Он стоял посреди камеры; в первое мгновение мне показалось, что он бесплотен, что сквозь складки его одеяния просвечивает противоположная стена, а короткие ноги не касаются пола. Возможно, в какой-то момент так оно и было, но уже спустя секунду он стоял, расставив ноги в грубых крестьянских башмаках, и был столь же реален и осязаем, как я, как разбойник, как воришка, как мокрица на стене.
Я судорожно поискал глазами потайную дверь. В молочно-белом свете, придавшем камере сходство с каменным подойником, стены оставались столь же слепыми и неприступными. Ни щелочки. Ни скважины, куда вошедший призрак мог бы вставить свой призрачный ключ…
Впрочем, разве он призрак?!
Он не казался старым. Маленькую голову покрывал тяжелый седой парик, тщедушное тело тонуло в пышных складках судейской мантии, огромные башмаки казались гирями, якорями на тонких, как у паука, затянутых в черные чулки ножках. Страшным он не казался тоже – ни страшным, ни величественным, а ведь даже деревенский староста, отправляя суд, старается выглядеть внушительнее и умнее, чем обычно…
– Здравствуйте, господа.
От звука этого голоса меня прошиб холодный пот.

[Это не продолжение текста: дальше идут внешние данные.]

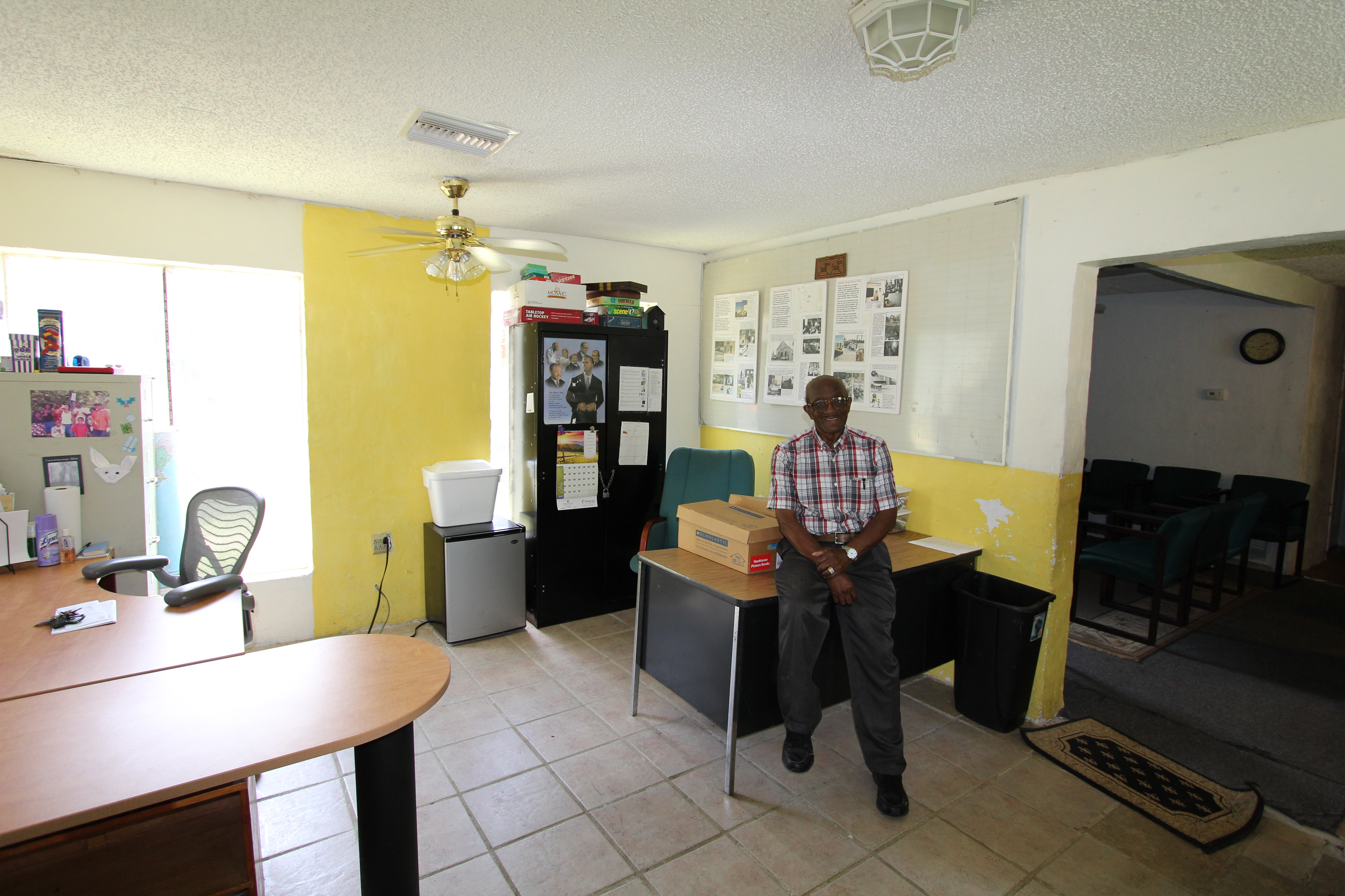 Interior View of the Espanola Schoolhouse (a one-room black-only school from the Jim Crow era) - located in Bunnell, Florida.
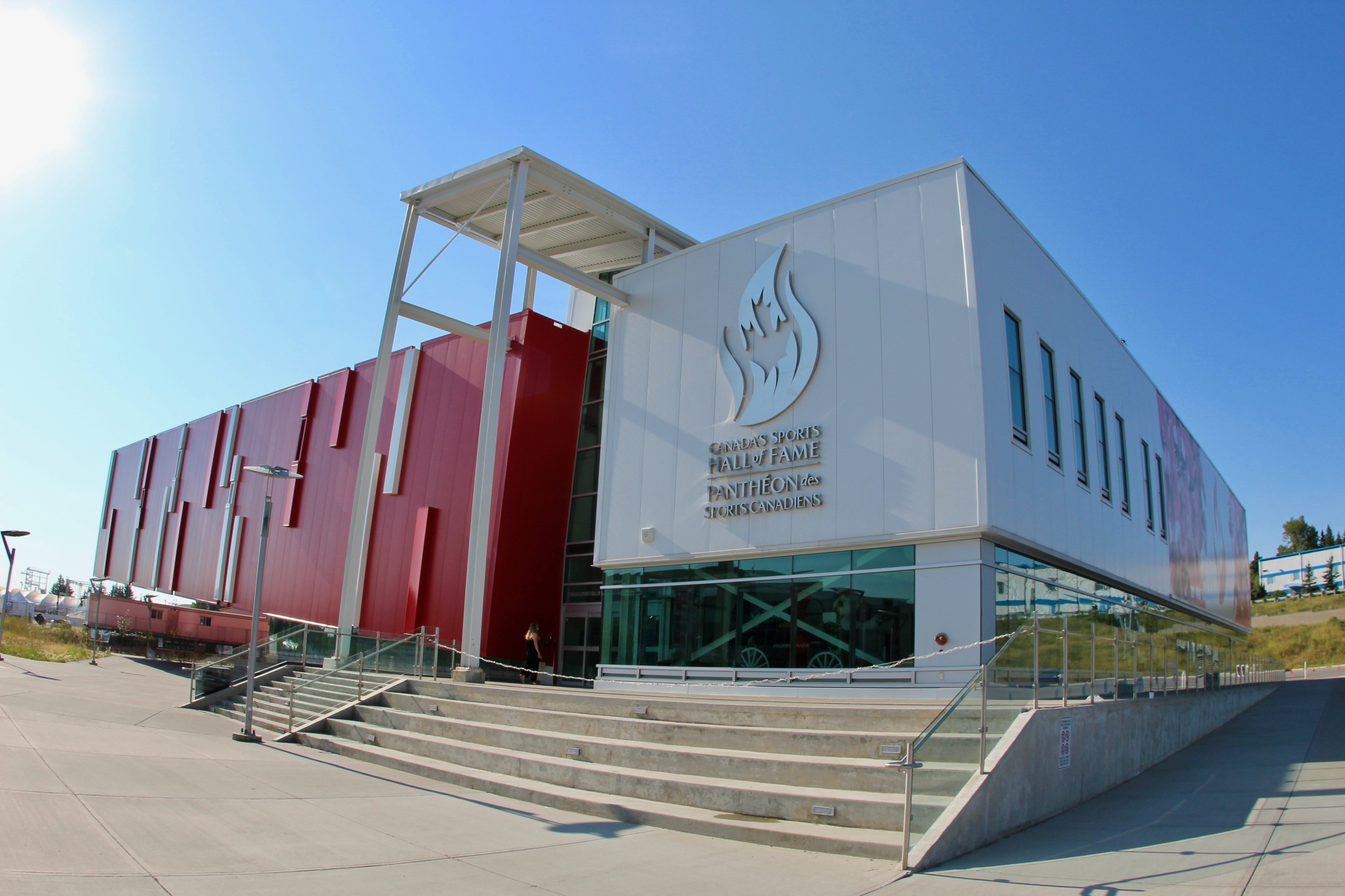 Front entrance of Canada's Sports Hall of Fame

Ненавижу скрежет железа по стеклу. Ненавижу тихий треск рвущейся паутины; голос Судьи вбирал в себя все подобные звуки, неявно вбирал, но так, что мне захотелось зажать уши.
Воришка скорчился на каменном полу, изо всех сил прижимая руки к животу. Женщина икнула. Старикашка сидел неподвижно, спокойно сидел, вроде как у себя дома, но одноглазый разбойник жался к его колену, а потому вся компания выглядела дико. Фальшиво выглядела, как на лубочной картинке, изображающей житие какого-нибудь доброго отшельника…
– Что ж… – Судья огляделся, будто выбирая место поудобнее, отступил к стене, привалился к ней плечами и скрестил руки на груди. – Вот, так я будто бы всех вижу…
У него было маленькое темное лицо с голым подбородком и тонким крючковатым носом; пряди седого парика небрежно свешивались на лоб, а из-под них посверкивали глаза, похожие на две черные булавочные головки.
– Господа, каждого из вас привела сюда его собственная крупная неприятность… Что ж, приступим.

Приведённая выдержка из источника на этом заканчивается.